[Opening Given data section]

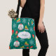 Add a festive custom touch to your holiday shopping trip with this fun teal Christmas pattern with ice skates, sweaters, snowflakes, and mittens. Add your family monogram initial for a personalized touch!
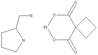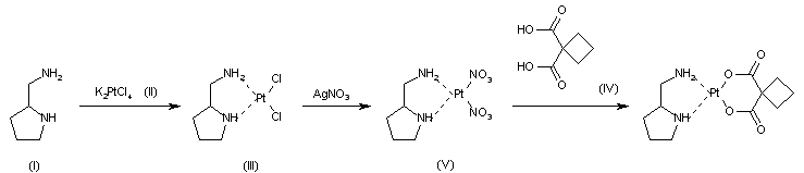 The reaction of 2 aminomethylpyrrolidine (I) with potassium tetrachloropiatinum (II) gives dichloro piatinum complex (III), which is nitrated with silver nitrate and followed by substitution with cyclobutanedicarboxylate (IV).
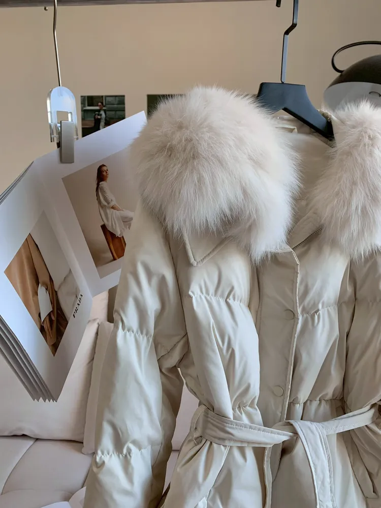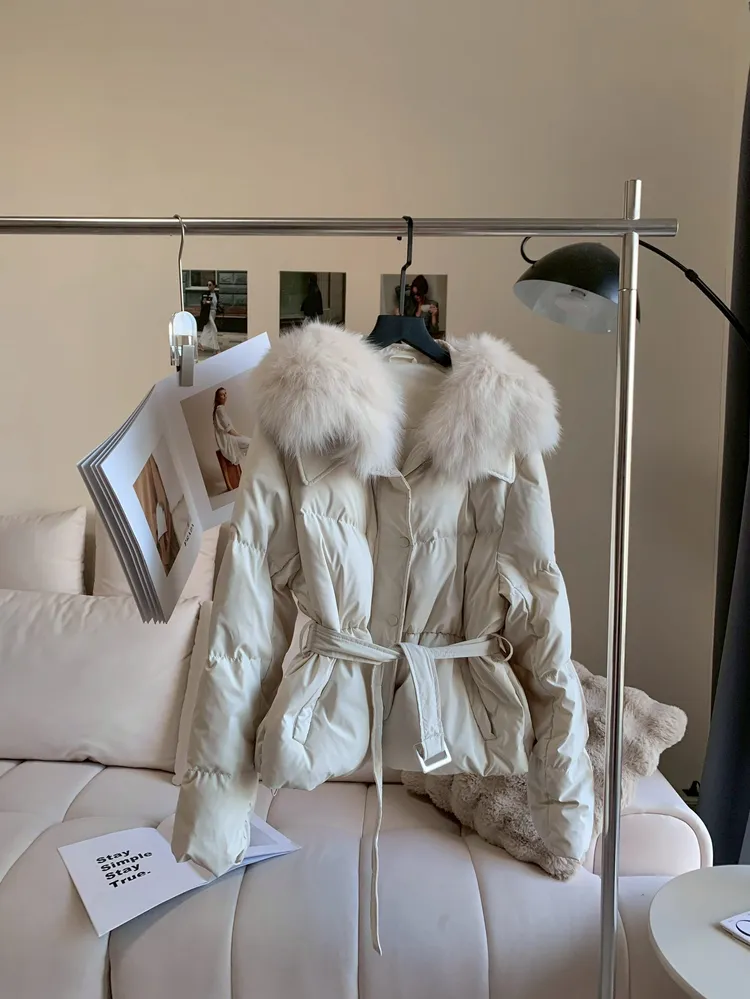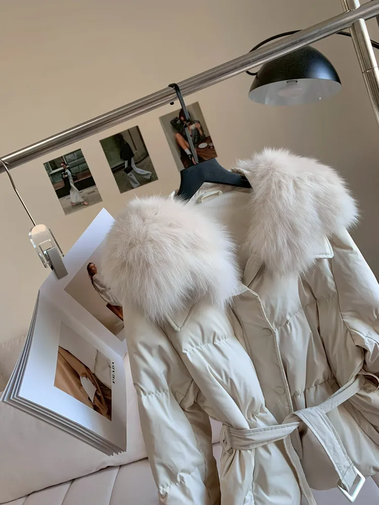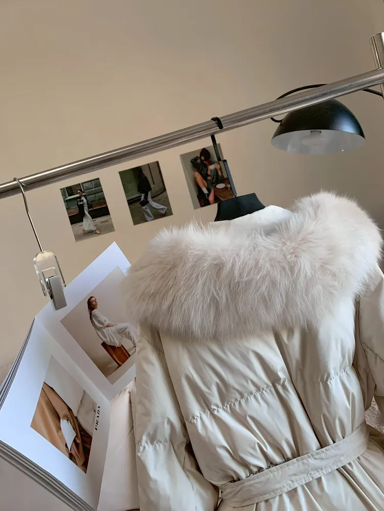 C239狐狸毛+白鴨絨90%領綁腰外套
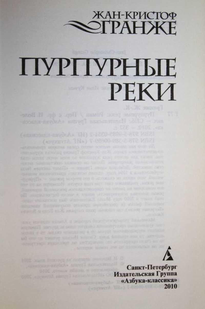 До того как занять видное место среди авторов криминально-детективного жанра, Жан-Кристоф Гранже работал журналистом, писал для целого ряда журналов во всем мире, затем стал независимым репортером. Позже он основал собственное агентство новостей. Дебютная книга Гранже - `Полет аистов` - была опубликована в 1994 году, однако осталась практически незамеченной, чего никак не скажешь о его втором романе - `Пурпурные реки`, увидевшем свет в 1997 году. Несмотря на то, что его появление на рынке не сопровождалось рекламной шумихой, роман добился признания у читателя, вошел в число бестселлеров. По книге в 2000 году Матье Кассовицем был поставлен одноименный фильм (в российском прокате получивший название `Багровые реки`), в котором главные роли сыграли Жан Рено и Венсан Кассель. Маленький университетский городок в Альпах охвачен ужасом: чудовищные преступления следуют одно за одним. Полиция находит изуродованные трупы то в расселине скалы, то в толще ледника, то под крышей дома. Сыщик Ньеман решает во что бы то ни стало прекратить это изуверство, но, преследуя преступника, он обнаруживает все новые жертвы...
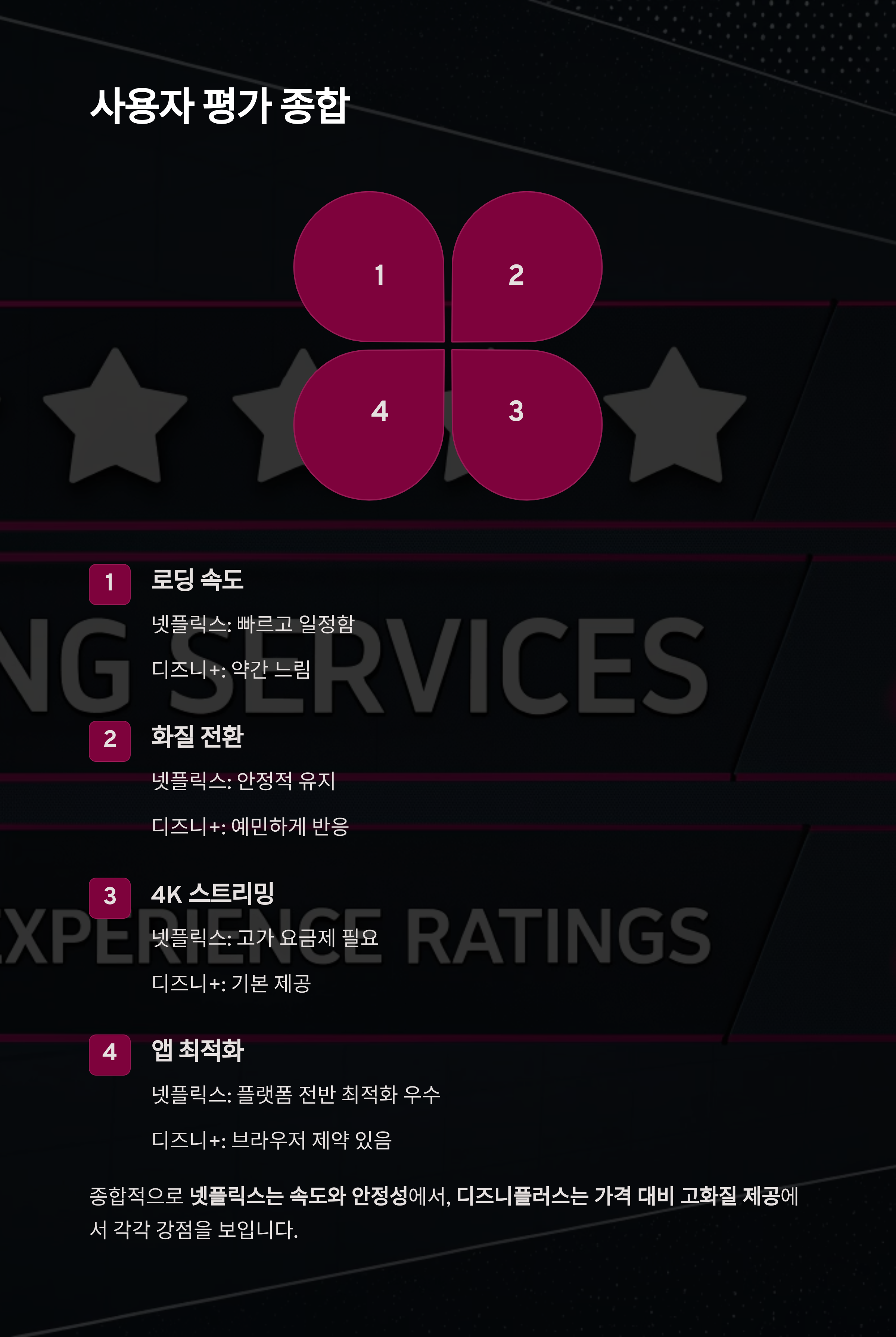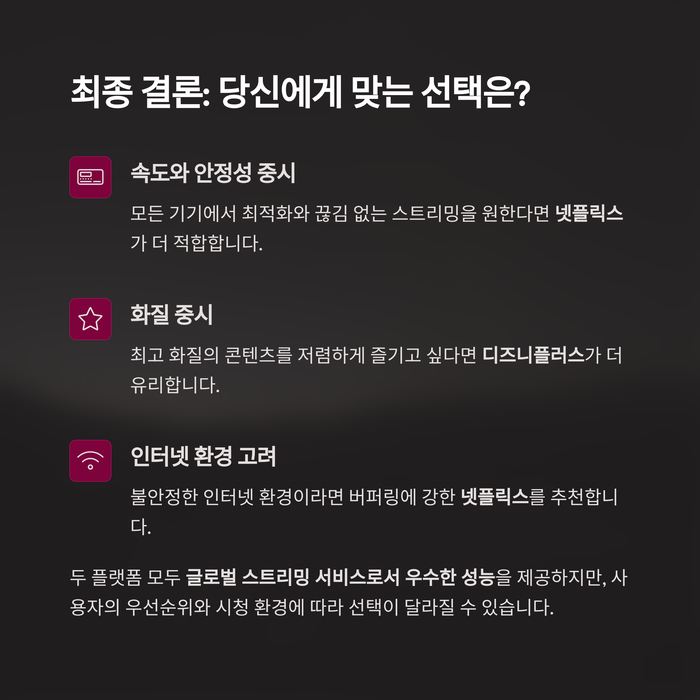 결론: 속도 안정성은 넷플릭스, 고화질 제공은 디즈니+
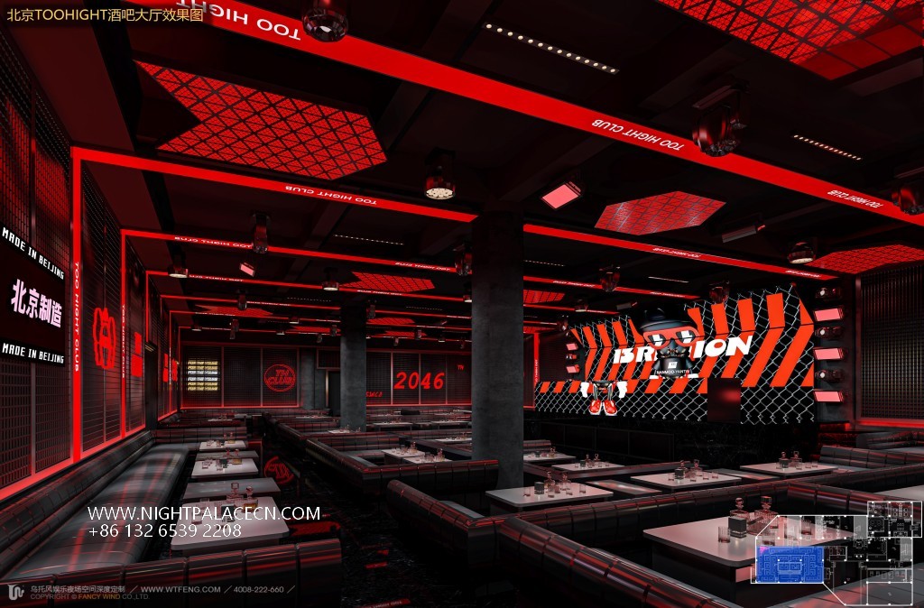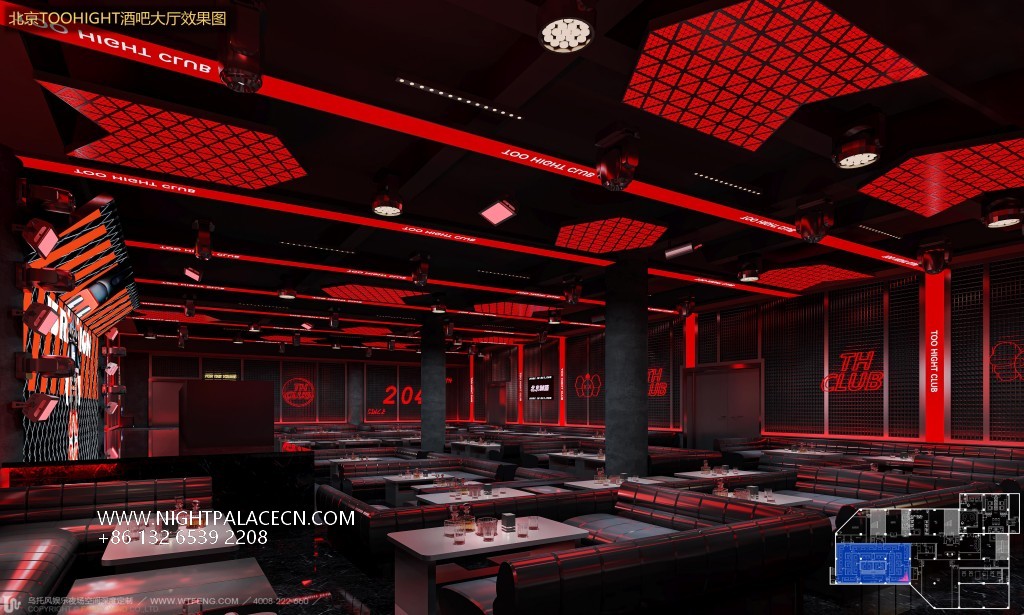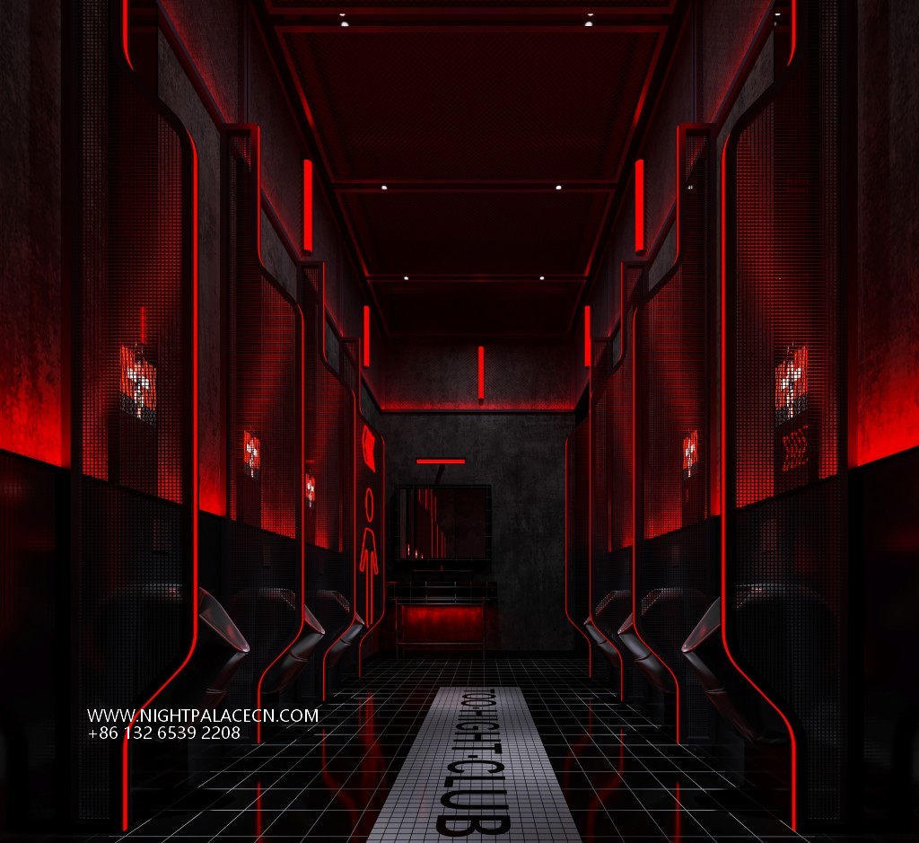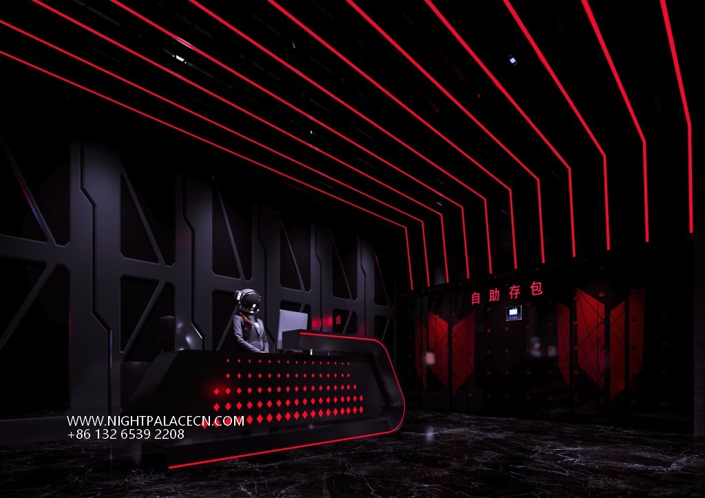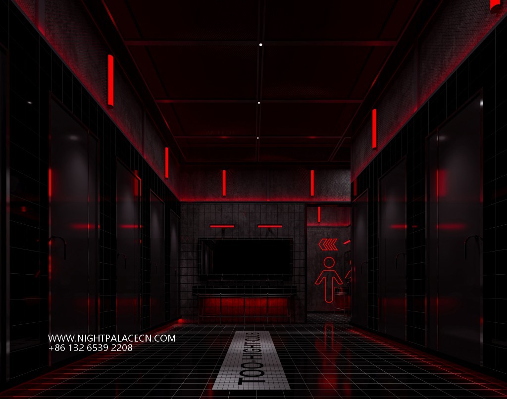 The bar creates a tension-filled atmosphere with its signature red and black color scheme. The entrance corridor is based on black checkered floor tiles, and the central white luminous landmark "TOO LIGHT CLUB" extends into the depth. The red linear light strips on both sides outline the outline of the booth, forming a strong visual guide. The ceiling of the hall presents a red grid light array and geometric ceiling, with black metal columns and grid walls to create a hardcore aesthetic of the industrial future. The details highlight the trend genes: the luminous logo of "TH CLUB" on the wall, the red slogan of the self-service deposit box, and the orange "BRITION" background wall in the stage area work together to create a virtual and real interlacing of the cyber world.
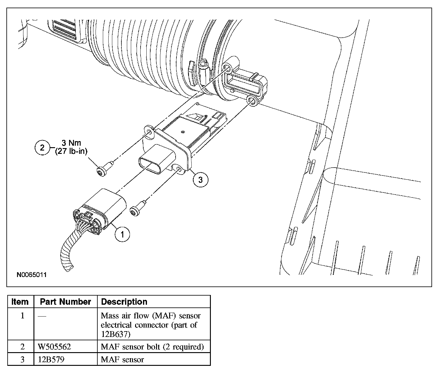 1. Disconnect the mass air flow (MAF) sensor electrical connector.
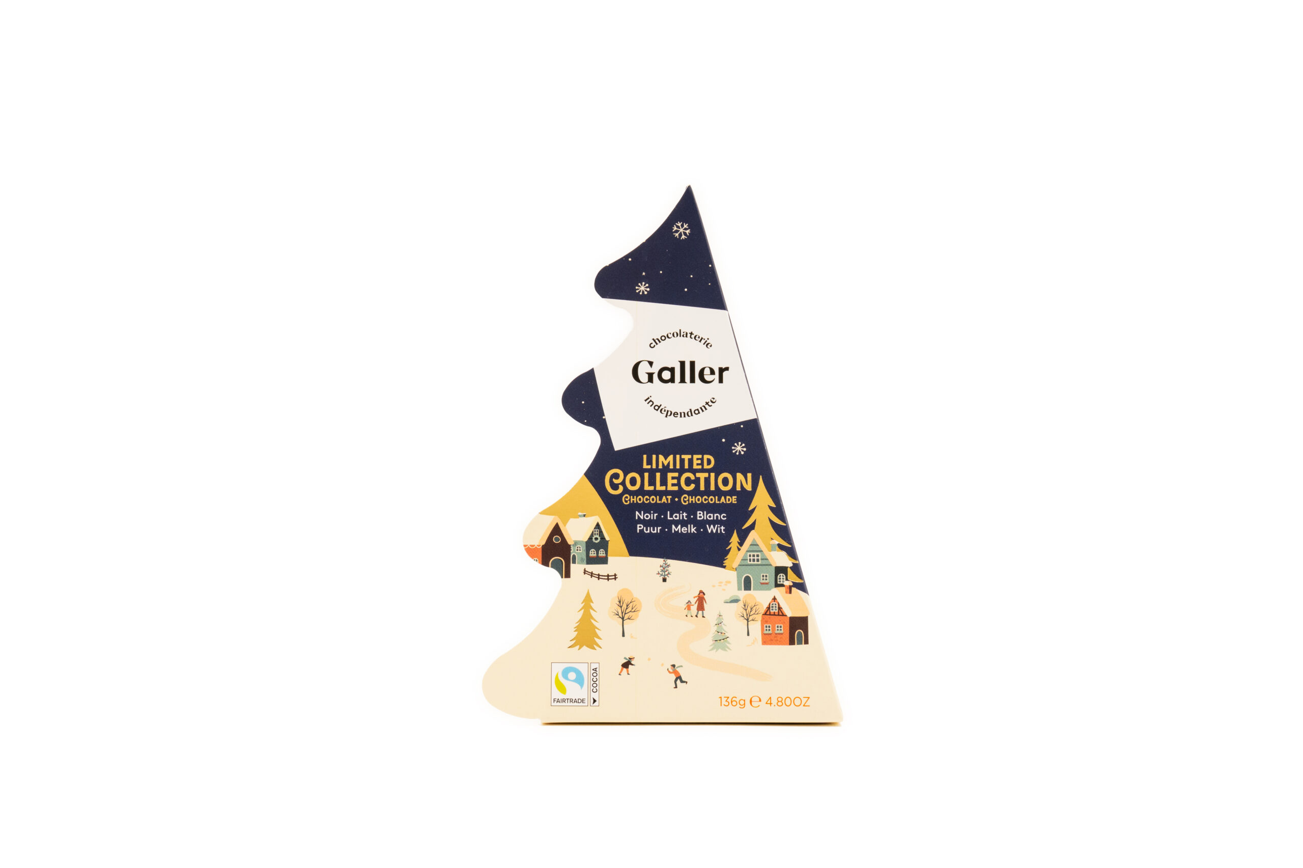 Une boîte en forme de sapin contenant 8 mini bâtons et 8 rawetes.
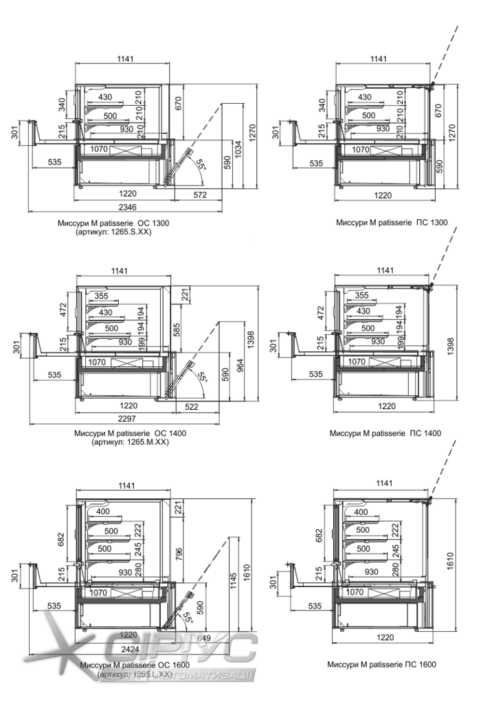 | ВХК(Д)-1,8 "Міссурі М Patisserie" | 1 875 | 1 240 | 1 280 |

[Closing Given data section]

● **Work to complete**
The records above should be retyped in full and exactly; omit the pictures.

● **Solved exercise**
 Add a festive custom touch to your holiday shopping trip with this fun teal Christmas pattern with ice skates, sweaters, snowflakes, and mittens. Add your family monogram initial for a personalized touch!
 The reaction of 2 aminomethylpyrrolidine (I) with potassium tetrachloropiatinum (II) gives dichloro piatinum complex (III), which is nitrated with silver nitrate and followed by substitution with cyclobutanedicarboxylate (IV).
 C239狐狸毛+白鴨絨90%領綁腰外套
 До того как занять видное место среди авторов криминально-детективного жанра, Жан-Кристоф Гранже работал журналистом, писал для целого ряда журналов во всем мире, затем стал независимым репортером. Позже он основал собственное агентство новостей. Дебютная книга Гранже - `Полет аистов` - была опубликована в 1994 году, однако осталась практически незамеченной, чего никак не скажешь о его втором романе - `Пурпурные реки`, увидевшем свет в 1997 году. Несмотря на то, что его появление на рынке не сопровождалось рекламной шумихой, роман добился признания у читателя, вошел в число бестселлеров. По книге в 2000 году Матье Кассовицем был поставлен одноименный фильм (в российском прокате получивший название `Багровые реки`), в котором главные роли сыграли Жан Рено и Венсан Кассель. Маленький университетский городок в Альпах охвачен ужасом: чудовищные преступления следуют одно за одним. Полиция находит изуродованные трупы то в расселине скалы, то в толще ледника, то под крышей дома. Сыщик Ньеман решает во что бы то ни стало прекратить это изуверство, но, преследуя преступника, он обнаруживает все новые жертвы...
 결론: 속도 안정성은 넷플릭스, 고화질 제공은 디즈니+
 The bar creates a tension-filled atmosphere with its signature red and black color scheme. The entrance corridor is based on black checkered floor tiles, and the central white luminous landmark "TOO LIGHT CLUB" extends into the depth. The red linear light strips on both sides outline the outline of the booth, forming a strong visual guide. The ceiling of the hall presents a red grid light array and geometric ceiling, with black metal columns and grid walls to create a hardcore aesthetic of the industrial future. The details highlight the trend genes: the luminous logo of "TH CLUB" on the wall, the red slogan of the self-service deposit box, and the orange "BRITION" background wall in the stage area work together to create a virtual and real interlacing of the cyber world.
 1. Disconnect the mass air flow (MAF) sensor electrical connector.
 Une boîte en forme de sapin contenant 8 mini bâtons et 8 rawetes.
 | ВХК(Д)-1,8 "Міссурі М Patisserie" | 1 875 | 1 240 | 1 280 |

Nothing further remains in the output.